[EXERCISE GOAL]
Transcribe each entry so that it matches the original exactly.

•••••

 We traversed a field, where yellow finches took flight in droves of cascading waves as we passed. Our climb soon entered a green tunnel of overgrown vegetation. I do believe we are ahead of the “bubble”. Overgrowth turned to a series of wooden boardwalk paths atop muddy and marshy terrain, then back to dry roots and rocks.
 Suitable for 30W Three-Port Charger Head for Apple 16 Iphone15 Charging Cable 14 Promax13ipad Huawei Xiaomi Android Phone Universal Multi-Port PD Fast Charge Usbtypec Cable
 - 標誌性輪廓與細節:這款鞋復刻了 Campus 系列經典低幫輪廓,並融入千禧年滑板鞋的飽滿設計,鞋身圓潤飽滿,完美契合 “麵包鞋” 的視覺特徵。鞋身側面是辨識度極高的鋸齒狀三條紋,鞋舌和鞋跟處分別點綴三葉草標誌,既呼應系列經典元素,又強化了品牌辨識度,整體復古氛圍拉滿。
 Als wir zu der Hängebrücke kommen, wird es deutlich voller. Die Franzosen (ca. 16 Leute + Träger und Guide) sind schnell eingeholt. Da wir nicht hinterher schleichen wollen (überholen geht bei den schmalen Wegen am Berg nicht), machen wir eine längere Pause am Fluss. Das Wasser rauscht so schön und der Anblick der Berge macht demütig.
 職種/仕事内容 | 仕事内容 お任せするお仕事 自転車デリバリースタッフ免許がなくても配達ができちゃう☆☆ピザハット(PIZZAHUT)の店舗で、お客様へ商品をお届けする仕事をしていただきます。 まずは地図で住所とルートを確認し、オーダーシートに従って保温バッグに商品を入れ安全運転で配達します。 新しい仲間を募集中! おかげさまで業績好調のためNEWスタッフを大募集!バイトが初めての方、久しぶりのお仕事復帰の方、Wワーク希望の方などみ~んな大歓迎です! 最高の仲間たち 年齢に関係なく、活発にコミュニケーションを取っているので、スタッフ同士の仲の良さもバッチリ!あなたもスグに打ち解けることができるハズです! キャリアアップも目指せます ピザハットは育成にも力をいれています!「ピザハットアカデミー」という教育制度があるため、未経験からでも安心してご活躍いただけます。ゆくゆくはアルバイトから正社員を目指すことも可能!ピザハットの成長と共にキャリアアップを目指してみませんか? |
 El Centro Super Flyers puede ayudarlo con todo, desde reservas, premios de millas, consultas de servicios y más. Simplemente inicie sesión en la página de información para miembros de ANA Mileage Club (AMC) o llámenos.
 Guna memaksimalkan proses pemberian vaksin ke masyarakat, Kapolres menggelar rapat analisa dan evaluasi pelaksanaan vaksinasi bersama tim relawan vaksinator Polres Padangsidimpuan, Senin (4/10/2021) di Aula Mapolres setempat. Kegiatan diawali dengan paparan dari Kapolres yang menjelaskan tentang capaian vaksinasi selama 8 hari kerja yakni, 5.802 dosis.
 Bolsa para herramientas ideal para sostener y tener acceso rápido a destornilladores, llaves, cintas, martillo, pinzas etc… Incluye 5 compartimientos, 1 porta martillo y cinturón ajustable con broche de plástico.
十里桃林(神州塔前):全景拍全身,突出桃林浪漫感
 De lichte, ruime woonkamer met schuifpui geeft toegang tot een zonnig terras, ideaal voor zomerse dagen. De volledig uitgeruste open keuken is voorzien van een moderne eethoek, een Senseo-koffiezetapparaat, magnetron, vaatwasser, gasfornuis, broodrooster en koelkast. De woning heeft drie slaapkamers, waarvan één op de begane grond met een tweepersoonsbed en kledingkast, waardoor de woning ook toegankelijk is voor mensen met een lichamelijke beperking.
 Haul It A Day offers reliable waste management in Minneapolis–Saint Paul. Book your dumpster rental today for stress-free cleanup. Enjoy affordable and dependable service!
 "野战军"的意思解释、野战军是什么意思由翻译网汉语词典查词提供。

•••••

[REPLY TO THE EXERCISE]
 We traversed a field, where yellow finches took flight in droves of cascading waves as we passed. Our climb soon entered a green tunnel of overgrown vegetation. I do believe we are ahead of the “bubble”. Overgrowth turned to a series of wooden boardwalk paths atop muddy and marshy terrain, then back to dry roots and rocks.
 Suitable for 30W Three-Port Charger Head for Apple 16 Iphone15 Charging Cable 14 Promax13ipad Huawei Xiaomi Android Phone Universal Multi-Port PD Fast Charge Usbtypec Cable
 - 標誌性輪廓與細節:這款鞋復刻了 Campus 系列經典低幫輪廓,並融入千禧年滑板鞋的飽滿設計,鞋身圓潤飽滿,完美契合 “麵包鞋” 的視覺特徵。鞋身側面是辨識度極高的鋸齒狀三條紋,鞋舌和鞋跟處分別點綴三葉草標誌,既呼應系列經典元素,又強化了品牌辨識度,整體復古氛圍拉滿。
 Als wir zu der Hängebrücke kommen, wird es deutlich voller. Die Franzosen (ca. 16 Leute + Träger und Guide) sind schnell eingeholt. Da wir nicht hinterher schleichen wollen (überholen geht bei den schmalen Wegen am Berg nicht), machen wir eine längere Pause am Fluss. Das Wasser rauscht so schön und der Anblick der Berge macht demütig.
 職種/仕事内容 | 仕事内容 お任せするお仕事 自転車デリバリースタッフ免許がなくても配達ができちゃう☆☆ピザハット(PIZZAHUT)の店舗で、お客様へ商品をお届けする仕事をしていただきます。 まずは地図で住所とルートを確認し、オーダーシートに従って保温バッグに商品を入れ安全運転で配達します。 新しい仲間を募集中! おかげさまで業績好調のためNEWスタッフを大募集!バイトが初めての方、久しぶりのお仕事復帰の方、Wワーク希望の方などみ~んな大歓迎です! 最高の仲間たち 年齢に関係なく、活発にコミュニケーションを取っているので、スタッフ同士の仲の良さもバッチリ!あなたもスグに打ち解けることができるハズです! キャリアアップも目指せます ピザハットは育成にも力をいれています!「ピザハットアカデミー」という教育制度があるため、未経験からでも安心してご活躍いただけます。ゆくゆくはアルバイトから正社員を目指すことも可能!ピザハットの成長と共にキャリアアップを目指してみませんか? |
 El Centro Super Flyers puede ayudarlo con todo, desde reservas, premios de millas, consultas de servicios y más. Simplemente inicie sesión en la página de información para miembros de ANA Mileage Club (AMC) o llámenos.
 Guna memaksimalkan proses pemberian vaksin ke masyarakat, Kapolres menggelar rapat analisa dan evaluasi pelaksanaan vaksinasi bersama tim relawan vaksinator Polres Padangsidimpuan, Senin (4/10/2021) di Aula Mapolres setempat. Kegiatan diawali dengan paparan dari Kapolres yang menjelaskan tentang capaian vaksinasi selama 8 hari kerja yakni, 5.802 dosis.
 Bolsa para herramientas ideal para sostener y tener acceso rápido a destornilladores, llaves, cintas, martillo, pinzas etc… Incluye 5 compartimientos, 1 porta martillo y cinturón ajustable con broche de plástico.
十里桃林(神州塔前):全景拍全身,突出桃林浪漫感
 De lichte, ruime woonkamer met schuifpui geeft toegang tot een zonnig terras, ideaal voor zomerse dagen. De volledig uitgeruste open keuken is voorzien van een moderne eethoek, een Senseo-koffiezetapparaat, magnetron, vaatwasser, gasfornuis, broodrooster en koelkast. De woning heeft drie slaapkamers, waarvan één op de begane grond met een tweepersoonsbed en kledingkast, waardoor de woning ook toegankelijk is voor mensen met een lichamelijke beperking.
 Haul It A Day offers reliable waste management in Minneapolis–Saint Paul. Book your dumpster rental today for stress-free cleanup. Enjoy affordable and dependable service!
 "野战军"的意思解释、野战军是什么意思由翻译网汉语词典查词提供。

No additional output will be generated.